● Task brief: Copy out the data exactly as it appears, without a single image.

● Material provided:
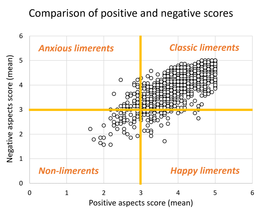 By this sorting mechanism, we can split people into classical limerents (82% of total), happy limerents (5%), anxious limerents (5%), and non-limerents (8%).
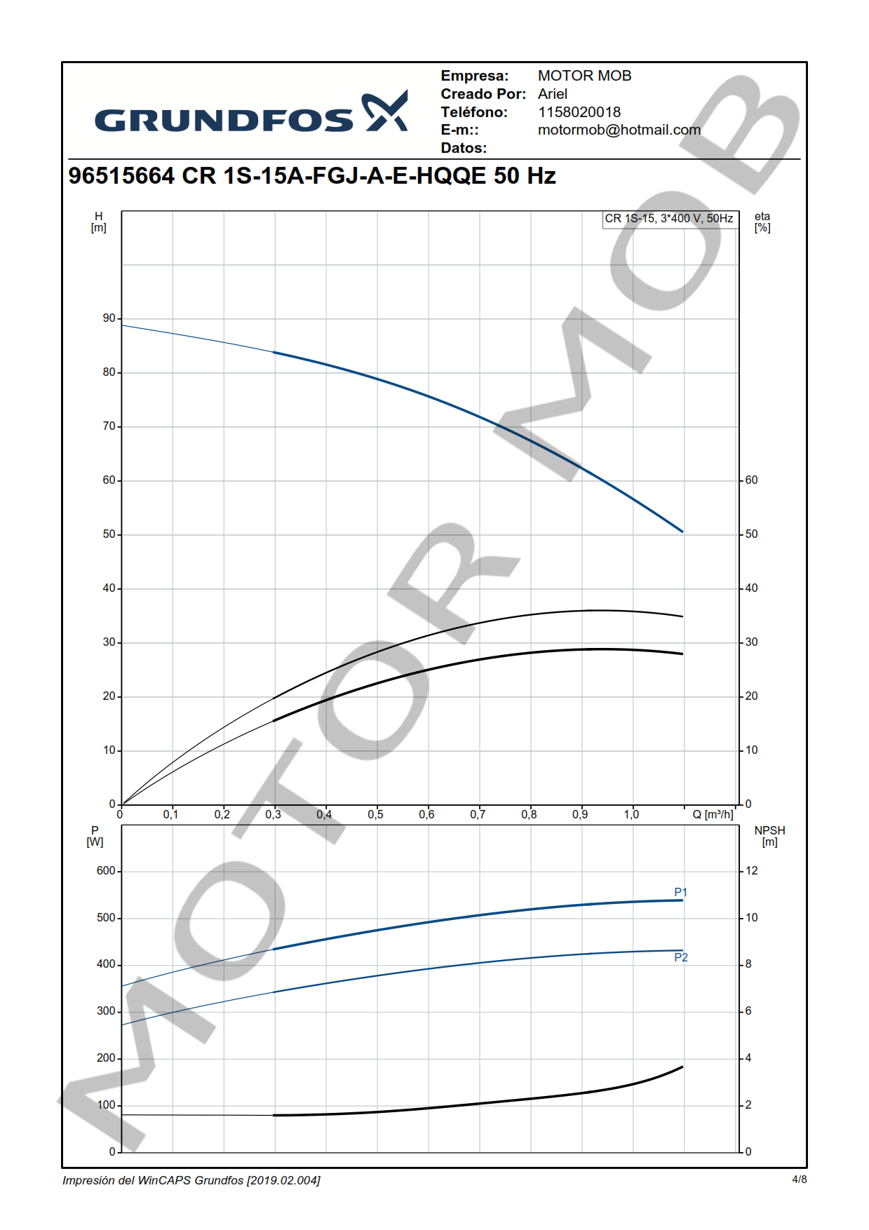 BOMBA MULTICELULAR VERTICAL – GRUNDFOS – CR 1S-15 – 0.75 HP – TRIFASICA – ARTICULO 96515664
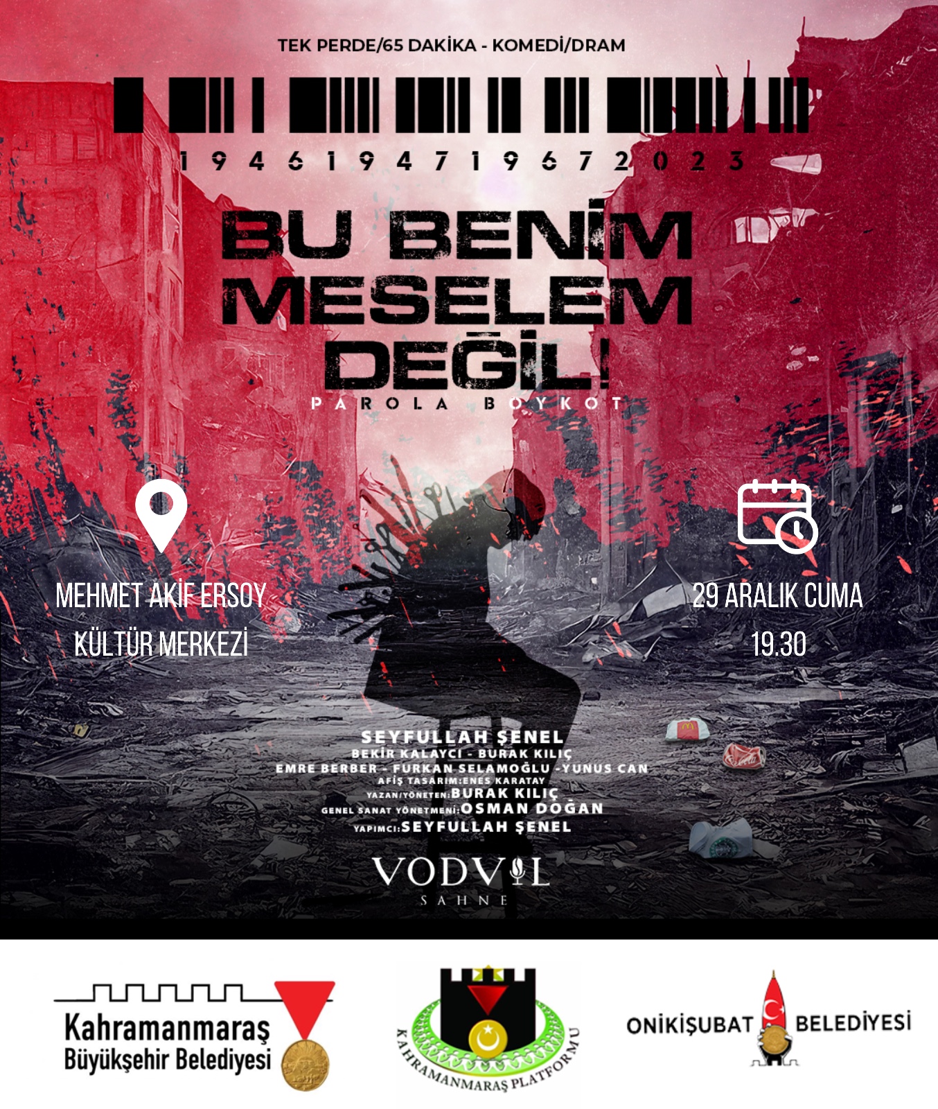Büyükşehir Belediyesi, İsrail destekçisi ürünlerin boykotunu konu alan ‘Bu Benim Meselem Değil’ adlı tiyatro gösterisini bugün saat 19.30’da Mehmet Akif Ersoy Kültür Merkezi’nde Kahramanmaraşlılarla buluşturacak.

● Task output:
 By this sorting mechanism, we can split people into classical limerents (82% of total), happy limerents (5%), anxious limerents (5%), and non-limerents (8%).
 BOMBA MULTICELULAR VERTICAL – GRUNDFOS – CR 1S-15 – 0.75 HP – TRIFASICA – ARTICULO 96515664
Büyükşehir Belediyesi, İsrail destekçisi ürünlerin boykotunu konu alan ‘Bu Benim Meselem Değil’ adlı tiyatro gösterisini bugün saat 19.30’da Mehmet Akif Ersoy Kültür Merkezi’nde Kahramanmaraşlılarla buluşturacak.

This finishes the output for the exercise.